Malgré tout, malgré ses raisonnements, malgré l'argument rassurant que lui fournissait l'irréprochable tenue de Maud, malgré le mépris que tout honnête homme garde à la dénonciation anonyme, malgré sa volonté et son amour, enfin sans avoir jamais osé se dire à lui-même: "Je doute !" il doutait continuellement, cruellement.
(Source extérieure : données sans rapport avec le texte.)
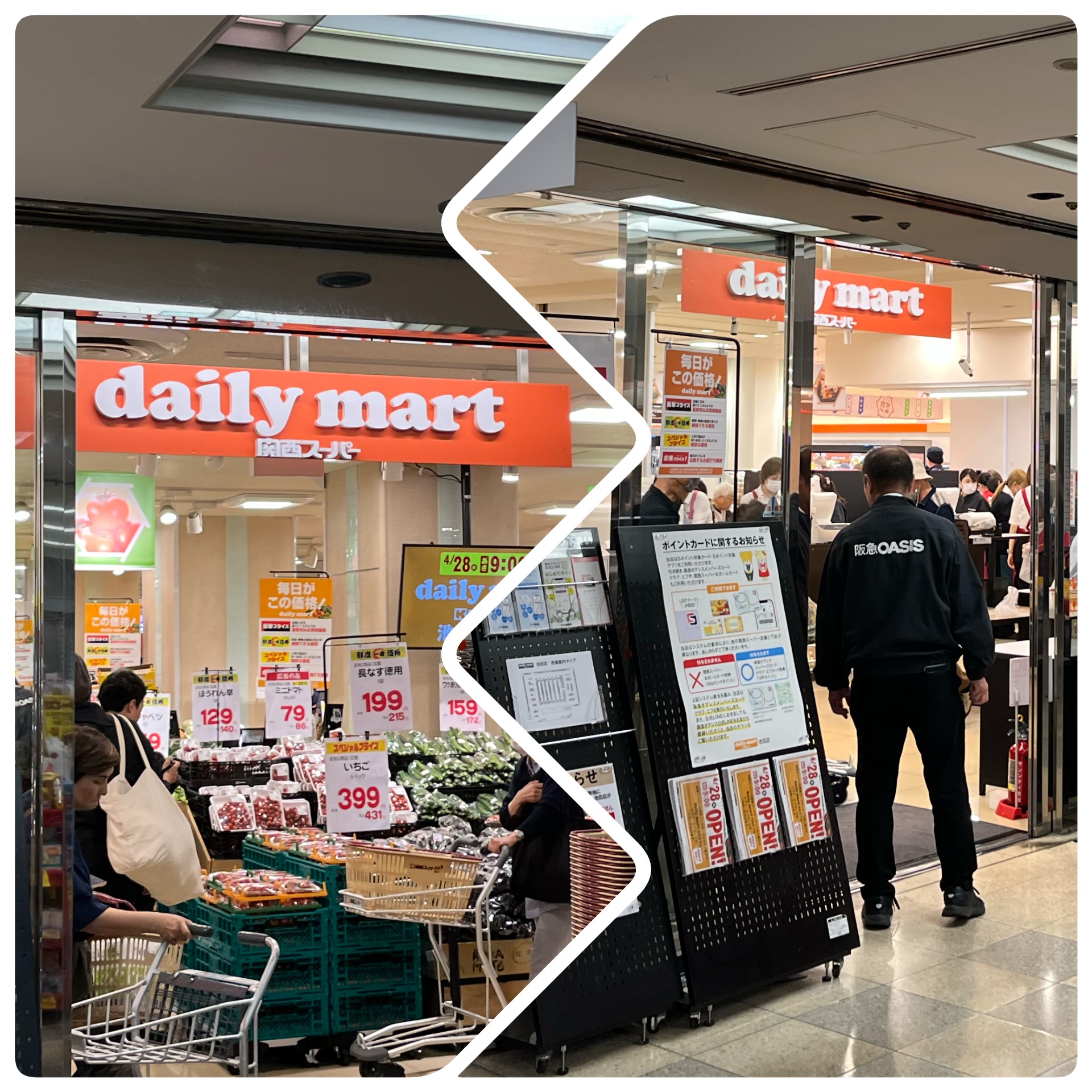 今日は、ナチュラルキュアと同じ階下のサンシティ池田のビル地下一階、阪急オアシスさんがあった所に関西スーパーがリニューアルオープンしました(^_−)−☆

Tout ce qu'on dira, tout ce qu'on écrira sur l'inanité et l'ignominie des lettres anonymes n'empêchera pas l'homme le plus sensé d'être bouleversé par une telle lettre lui dénonçant la fraude d'une femme chérie, eût-il pour cette femme le respect le mieux confirmé. Car la lettre anonyme, c'est, au moins, le rappel de l'esprit de l'amant à ce problème effroyable: "Qu'y a-t-il derrière le front de ma maîtresse ? Que sais-je de sa pensée ?" Ah ! si intime et si abandonnée qu'elle vous soit apparue, l'homme raisonnable sait bien qu'il ne sait jamais tout ! Le doute et la défiance ce sont la raison même, car une âme est un mystère pou une autre âme: c'est la confiance qui est l'abdication, le volontaire aveuglement. Voilà ce que rappelle à l'amant le plus croyant l'infâme papier sans signature qui lui dit: "Cette femme vous ment..." Or Maxime n'était venu à la confiance que par un acte de volonté comparable à l'effort d'un prêtre pour retenir la foi qui s'échappe, et avec la foi, le repos du coeur ! Tout l'édifice fut par terre, du coup: ils sont si fragiles, ceux que construit laborieusement notre vouloir raisonné ! Les seuls solides se sont bâtis tout seuls, dans l'irréflexion.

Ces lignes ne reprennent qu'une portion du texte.